I think most, if not all, geneticists would say I haven’t got the science right, and that you couldn’t get a viable population from just two people: the genetic problems would be just too great. This doesn’t bother me unduly. I nod to the science. I acknowledge that there would be a lot of genetic problems. But my approach is to go with what seems plausible to me, as a reasonably well-informer layperson, rather than worrying about getting the science accurate. The same is true of the geothermal life forms. I knew such things existed on Earth (for instance round volcanic vents on the ocean floor) and I extrapolated from that. Even the sunless planet was, as far as I was concerned when I first came up with it, my own invention, and I was gratified to learn later that the science backed me up on that one at least! I believe that occasionally SF authors get it right, even when the scientists say it wouldn’t work, but I make no such claim for myself.
#3 – You write the book from different people’s perspectives. What were the pros and cons of this strategy in terms of telling a story?
The advantages were that I could dispense with an authorial voice. Readers could see for themselves how John explained his own motives and actions, and how others interpreted them, and form their own judgements. I didn’t need to arbitrate. Also I thought it made for greater immersion in the fictional world: the fact that all the narrators were people who knew no other world but this.

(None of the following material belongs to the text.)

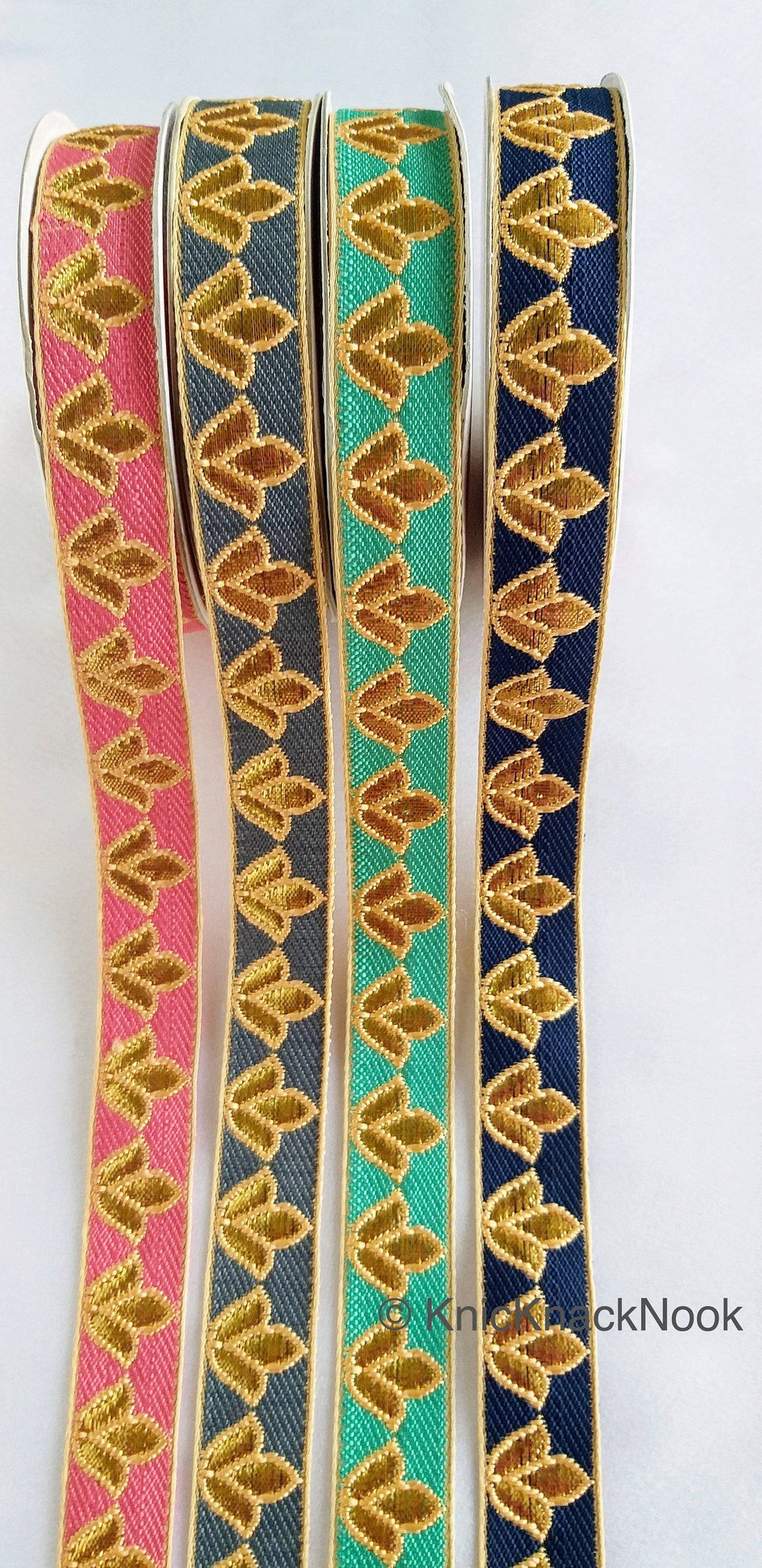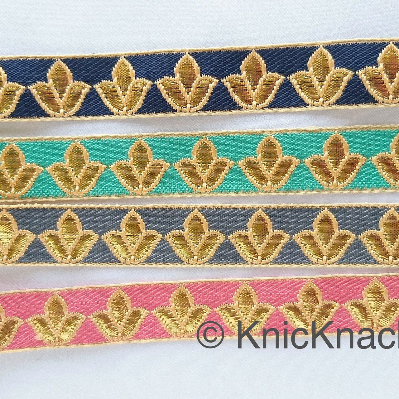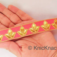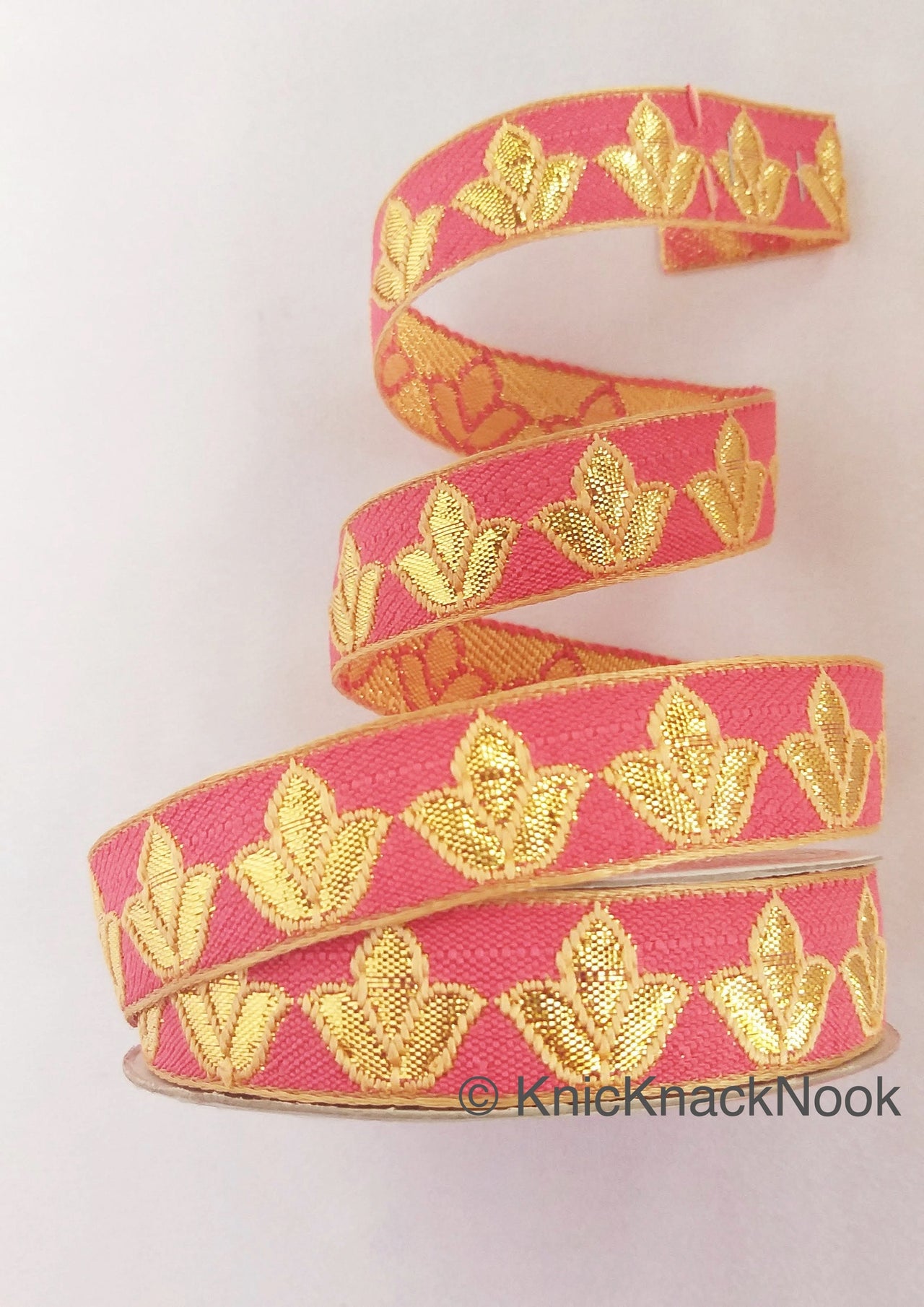 Salmon Pink and Gold Floral Jacquard Trim, Trim By 4 Yards, Craft Decorative Ribbon

The latter was a challenge too, though, because it meant that I couldn’t explain things to the readers in terms they would understand but which wouldn’t make sense to Eden people. I couldn’t use familiar things from Earth as metaphors for instance. Nor could I spend a long time explaining things that to Eden people would be too commonplace and everyday to be worth mentioning. (That would be like writing a novel set on contemporary Earth where characters kept explaining what cars and phones were!) Yet I do think that the discipline of these restrictions was good for the book. It’s often said that restrictions are good for the creative process, and I think that’s so.
#4 – Your book won the Arthur C Clarke award in 2013. What was it like to win this prestigious award? What has it meant to your career?
Amazing! I’m still pinching myself! When you start out writing, you don’t know if you’re going to get anywhere with it at all, and there are times when you wonder if the whole thing is a bit delusional (“Perhaps I’m really no good at all and I’m just kidding myself” etc), so to win the UK’s number one SF prize was incredibly validating. It wasn’t my first prize though. I also won the Edge Hill Prize (a non-genre prize for short story collections) for my collection The Turing Test in 2009, beating collections by several UK literary heavyweights. And that was pretty validating too. Plus I felt I’d struck a bit of a blow for SF as a form.
#5 – Are you working on any new books/projects you can tell us about?
Well, the sequel for Dark Eden came out earlier this year (Mother of Eden), and I’ve just finished the initial version of a third and final Eden book. I have one or two other ideas for future novels simmering away at the back of the stove, and in the meanwhile I’m putting together a new collection of never-previously-published stories. This won’t be an SF collection this time, so it will be my first foray outside of the SF genre.